Basterà notare che l’art. 606 c.p.p., lett. e), ammette a dedurre il vizio che risulti o dal testo del provvedimento impugnato o da ‘altri atti del processo’,per tali non potendosi intendere, ovviamente, che quelli che hanno subito il vaglio di utilizzabilità da parte del giudice del merito nelle fasi che hanno preceduto il procedimento di cassazione.

Ugualmente infondata in modo manifesto è la censura sulla pretesa mancanza di motivazione in ordine all’elemento psicologico del reato.

La Corte ha fornito una adeguata e congrua motivazione ricostruendo a pag. 9 anche il modo attraverso il quale i B. erano giunti alla adozione delle iniziative poi divenute di rilevanza penale cercando una alternativa rispetto a progetto per essi predisposto dal commercialista storico: progetto che prevedeva una ristrutturazione della società, ma con oneri di un certo rilievo a carico anche dei patrimoni personali dei prevenuti, a garanzia dei creditori: la sintesi di tale motivato ed articolato pensiero è che i prevenuti si adoperarono per la cessione della parte positiva della azienda a due nuove società, senza oneri per queste nè garanzie per la cedente, e fondando sul solo valore dell’immobile (vincolato come detto dai contratti di locazione) la possibilità di un concordato extragiudiziale con i debitori.
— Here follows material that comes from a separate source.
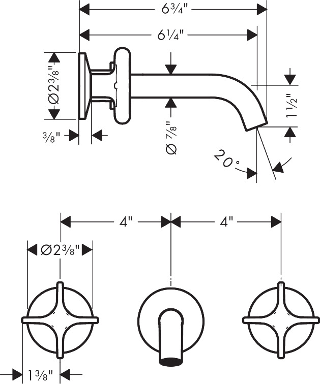 AXOR OneWall-Mounted Widespread Faucet-Cross Handles, 1.2 GPM

Si tratta di una osservazione basata su dati di fatto specifici che neppure nel ricorso sono attinti da censure e che appare capace di integrare un ragionamento del tutto plausibile, con l’ulteriore corollario della inammissibilità dell’ulteriore sindacato sul punto da parte della cassazione.

Deve infatti ricordarsi che in tema di vizi della motivazione, il controllo di legittimità operato dalla Corte di cassazione non deve stabilire se la decisione di merito proponga effettivamente la migliore possibile ricostruzione dei fatti, ne1 deve condividerne la giustificazione, ma deve limitarsi a verificare se tale giustificazione sia compatibile con il senso comune e con i limiti di una plausibile opinabilità di apprezzamento (rv 215745).

La tenuta dell’intero impianto della motivazione sulla responsabilità oggettiva e soggettiva da conto anche della manifesta infondatezza delle ulteriori censure sugli elementi accessori (attenuanti, aggravanti e diversa qualificazione giuridica) – censure peraltro formulate in termini assolutamente generici – essendo contenuti in essa gli elementi giustificativi, per implicito, della incompatibilità del costrutto accreditato con le opposte soluzioni evocate dalla difesa.

 

P.Q.M.

 

Annulla la sentenza impugnata limitatamente alla questione della violazione del divieto di reformatio in pejus in punto di trattamento sanzionatorio, con rinvio ad altra sezione della Corte di appello di Milano per nuovo esame sul punto. Rigetta nel resto i ricorsi.